Idea che piace, ma non a tutti

Fa discutere il progetto di trasformare la strada ferrata in pista ciclabile. Iniziativa proposta tre anni fa da Marco Gabusi, appoggiata da numerosi sindaci di Comuni attraversati dalla (ex) tratta

Fa discutere il progetto di trasformare la strada ferrata in pista ciclabile. Iniziativa proposta tre anni fa da Marco Gabusi, appoggiata da numerosi sindaci di Comuni attraversati dalla (ex) tratta Alessandria-Cavallermaggiore, sposata dall'assessore regionale, oggi europarlamentare, Alberto Cirio e recentemente rilanciata da Antonella Parigi, numero uno del turismo regionale.
Tra tanti entusiasmi si sono levate anche voci dissonanti, sia sui mezzi di informazioni tradizionale sia in rete.

Prese di posizione che hanno convinto l'amministrazione comunale canellese a chiarire la propria posizione. «E' indiscutibile il valore del sistema ferroviario per il trasporto pubblico locale e nessuno, tanto meno noi, lo mette in discussione ?- si legge in un comunicato stampa diffuso dalla segreteria del sindaco -? Dobbiamo, però, prendere atto che la tratta è stata sospesa dalla Regione Piemonte e a quanto ci risulta non vi è nessun programma per ripristinarla, nè nel breve nè nel lungo periodo. La Regione Piemonte deve aver il coraggio di esplicitare con atti formali ciò che filtra nei tavoli di lavoro e cioè che questa tratta non verrà, purtroppo, riaperta. Gli amministratori locali hanno poi la grande responsabilità di decidere se continuare sul binario (morto, secondo noi) del ripristino della rete ferroviaria o percorrerne uno nuovo e concreto, quello del progetto della pista ciclabile».

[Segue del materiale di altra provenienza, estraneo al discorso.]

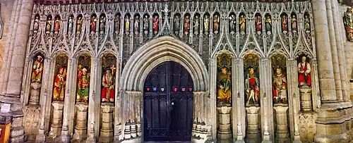 Die Chorschranke wurde vom Restaurator George Gilbert Scott auf ca. 1494 datiert, es gibt aber bereits ein Dokument von 1408, das eine Chorschranke erwähnt. Sie ist volle acht Fuß stark und wurde in jüngerer Zeit durch große Statuen von acht Königen und Bischöfen beiderseits des Durchgangs und weitere 24 Statuen in darüberliegenden Nischen ergänzt.[15] Die acht im Großformat porträtierten Personen haben in der Geschichte der Kathedrale jeweils eine bedeutsame Rolle gespielt. Die Statuen wurden vom Bildhauer Esmond Burton (* 1886; † 1964) angefertigt und 1947 von der damaligen Princess Royal Mary of York, Tochter Georgs V., enthüllt. Von links nach rechts handelt es sich im Einzelnen um:[16]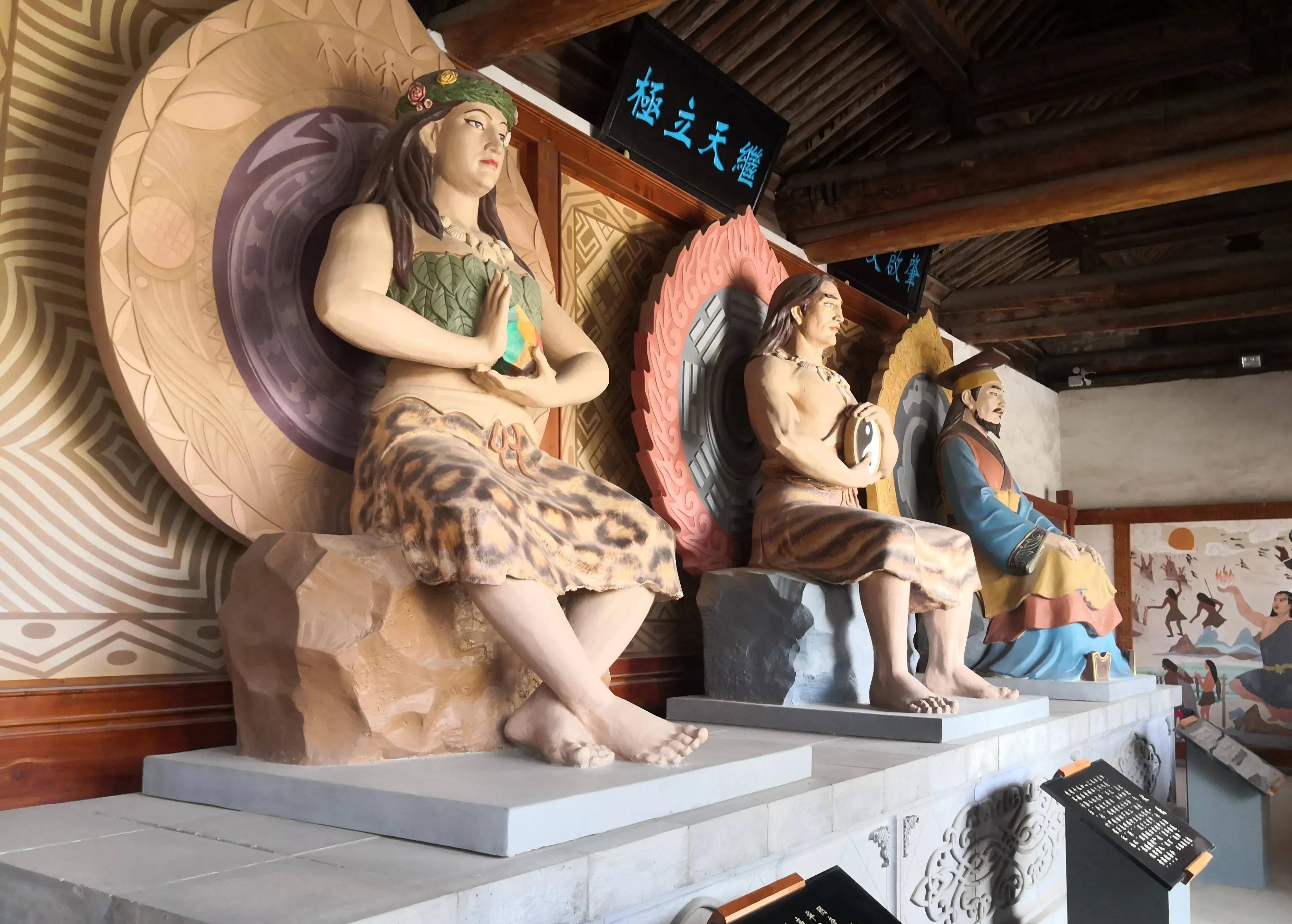 太昊伏羲殿位于院内正南中央最高处,看上去至为雄浑大气,里面供奉有伏羲、女娲和皇帝三位华夏始祖塑像。伏羲殿前坐落着壤驷赤、石作蜀、秦祖等先贤的殿堂,他们均是出自甘肃本土的历史牛人,是孔子门生,七十二贤之一。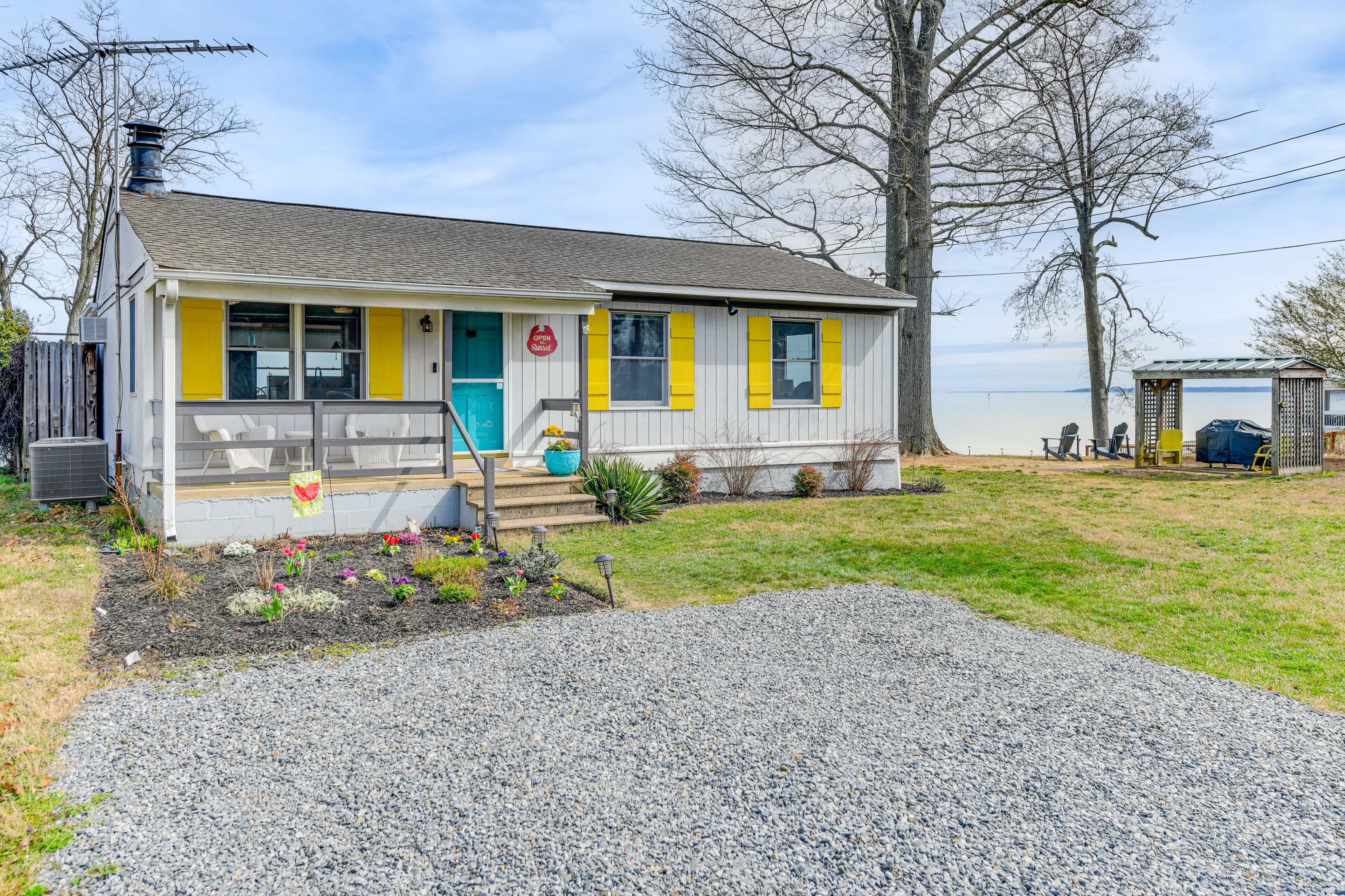 Riverfront Colonial Beach Home w/ Private Beach! If you’re seeking easy access to the Potomac River with all the comforts of home, book this 3-bed, 1-bath Colonial Beach vacation rental! This charming home features 3 flat-screen TVs with cable, a fully stocked kitchen, and an awesome outdoor space fit for the whole crew. Wake each morning with the sunrise as you sip your morning coffee on the furnished deck, then walk down to the private beach and make a splash! Afterward, head into town for quaint shopping and a bite to eat. It’s up to you!-- THE PROPERTY --Incredible Sunrise Views | Washer/Dryer | Outdoor Dining Area | River Views & AccessBedroom 1: Queen Bed | Bedroom 2: Queen Bed | Bedroom 3: Twin Daybed w/ Twin TrundleINDOOR LIVING: 3 flat-screen TVs w/ cable, DVD player, laptop workspace, dining table, books, ceiling fansOUTDOOR LIVING: Furnished deck, shower, private yard, 140’ private beach, furnished porchKITCHEN: Refrigerator, stove/oven, dishwasher, dishware/flatware, cooking basics, spices, drip coffee maker, blender, Crockpot, microwave, toasterGENERAL: Free WiFi, electric heating & A/C, linens/towels, iron/board, trash bags, paper towels, hair dryerFAQ: 2 exterior security cameras (facing out)ACCESSIBILITY: Single-story home, 4 steps to enterPARKING: Driveway (4 vehicles)-- THE LOCATION --POTOMAC RIVER: Private beach (on-site access), Colonial Beach Municipal Pier (5 miles), Colonial Beach (5 miles), The Boathouse Marina (6 miles), Parkers Marina (6 miles), The Sands (15 miles)AMERICAN HISTORY: James Monroe Birthplace Park & Museum (3 miles), Colonial Beach Historical Society (5 miles), War Memorial Cannon (5 miles), George Washington Birthplace National Monument (10 miles)OUTDOOR RECREATION: Monroe Bay Campground (2 miles), Town Hill (5 miles), Westmoreland State Park (13 miles), Caledon State Park (18 miles)THINGS TO DO: Colonial Beach Brewing (5 miles), Ingleside Vineyards (7 miles), Kings Dominion (47 miles), Busch Gardens Williamsburg (98 miles)DAY TRIPS: Washington D.C. (67 miles), Richmond (71 miles), Williamsburg (95 miles), Baltimore (97 miles)AIRPORT: Ronald Reagan Washington National Airport (64 miles)-- REST EASY WITH US --Evolve makes it easy to find and book properties you’ll never want to leave. You can relax knowing that our properties will always be ready for you and that we’ll answer the phone 24/7. Even better, if anything is off about your stay, we’ll make it right. You can count on our homes and our people to make you feel welcome — because we know what vacation means to you.-- POLICIES --- No smoking- No pets allowed- No events, parties, or large gatherings- Must be at least 25 years old to book- Additional fees and taxes may apply- Photo ID may be required upon check-in- NOTE: Your safety matters. This property features 2 exterior security cameras: 1 camera is located next to the front door facing toward the front entry area, and 1 camera is located next to the back door facing toward the back entry area. These cameras do not look into any interior spaces. They record sound and video when activated by motion. The cameras are not active when guests are in residence- NOTE: This single-story home requires 4 steps to enter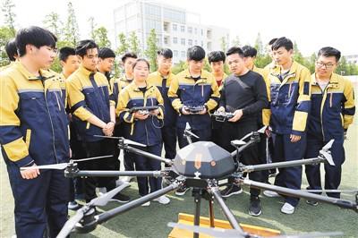 5月9日,在江苏省赣榆中等专业学校,建筑工程系学员在观看无人机测量实操实训展示。 司伟摄(人民视觉)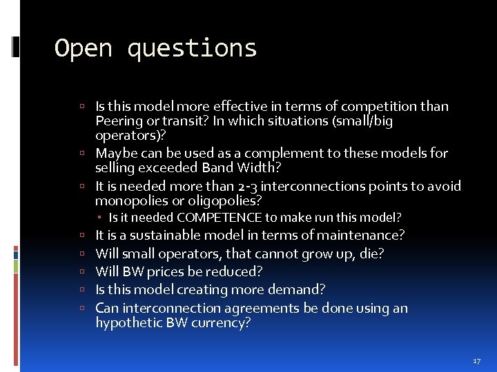 Open questions Is this model more effective in terms of competition than Peering or transit? In which situations (small/big operators)? Maybe can be used as a complement to these models for selling exceeded Band Width? It is needed more than 2 -3 interconnections points to avoid monopolies or oligopolies? Is it needed COMPETENCE to make run this model? It is a sustainable model in terms of maintenance? Will small operators, that cannot grow up, die? Will BW prices be reduced? Is this model creating more demand? Can interconnection agreements be done using an hypothetic BW currency? 17

Politica e realismo, opportunità e scelte strategiche si intrecciano in un botta-e-risposta che rimbalza da Torino alla provincia. Ma il pragmatismo, secondo l'amministrazione canellese, deve avere il sopravvento. Soprattutto quando assenza di manutenzione e il tempo fanno sentire i propri effetti. «Dobbiamo anche tener conto che, mentre aspettiamo di decidere, le nostre massicciate e le stazioni si degradano e rischiano di essere abbandonate al proprio destino -? commenta Gabusi ?- Pochi mesi or sono, in un convegno organizzato da Astesana, un numero consistente di albergatori, ristoratori e aziende vinicole ha espresso il pieno sostegno a questa ipotesi. Vi sono studi che dimostrano quali possano essere le ricadute positive in termini economici per il nostro territorio e di cui dobbiamo tener conto. Aggiungiamo inoltre che la possibilità di collegare i nostri Comuni da una pista ciclo-pedonale non deve essere pensato esclusivamente in ottica turistica, ma anche quale infrastruttura che favorisce la mobilità sostenibile e la pratica sportiva».

La scelta, secondo gli amministratori canellesi, adesso è della Regione Piemonte. «Chiediamo -? dicono da palazzo Anfossi – considerato che tale posizione è condivisa da altre amministrazioni locali e da molte persone di questo territorio, che la Regione Piemonte si esprima una volta per tutte sulla volontà di riaprire o meno la rete ferroviaria. Contestualmente, però, invitiamo tutti i cittadini dei comuni interessati dal progetto, favorevoli alla pista ciclo-pedonale, a manifestare la propria idea nelle forme che ritengono utili anche valutando la creazione di un comitato che possa affiancare gli enti locali nel sostenere l'iniziativa».